Data:
········

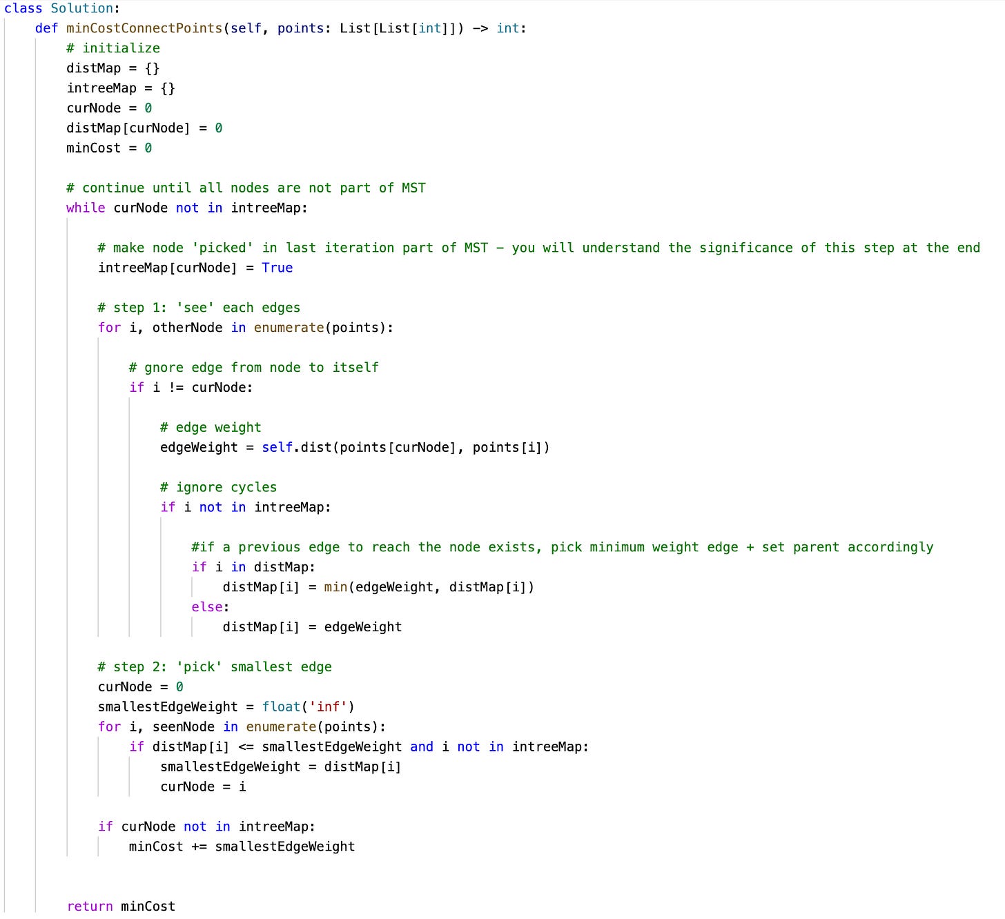 Solution for Min Cost To Connect All Points using Prim’s Algorithm
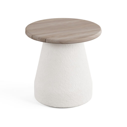 MESA REDONDA LATERAL PARA EXTERIOR MODELO KANO TAPA EN MADERA DE TEKA Y BASE EN CEMENTO TEXTURADO BLANCO
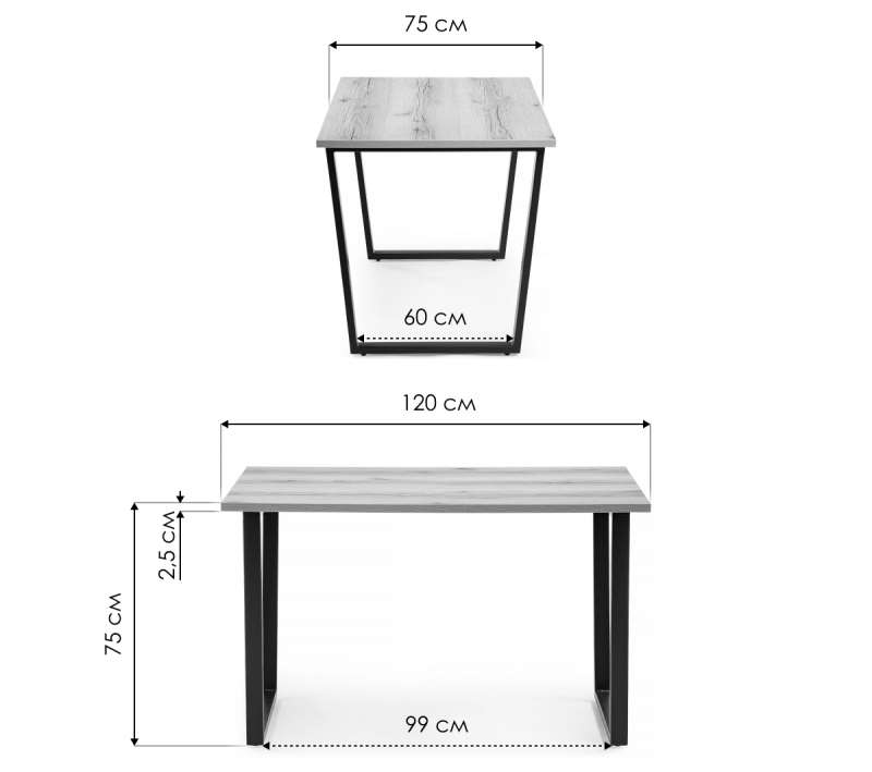 Стол деревянный Лота Лофт 120х74х75 25 мм юта / матовый черный (75x75).

········

Assignment: Give the data again word for word, without pictures.

Answer to this task:
 Solution for Min Cost To Connect All Points using Prim’s Algorithm
 MESA REDONDA LATERAL PARA EXTERIOR MODELO KANO TAPA EN MADERA DE TEKA Y BASE EN CEMENTO TEXTURADO BLANCO
 Стол деревянный Лота Лофт 120х74х75 25 мм юта / матовый черный (75x75).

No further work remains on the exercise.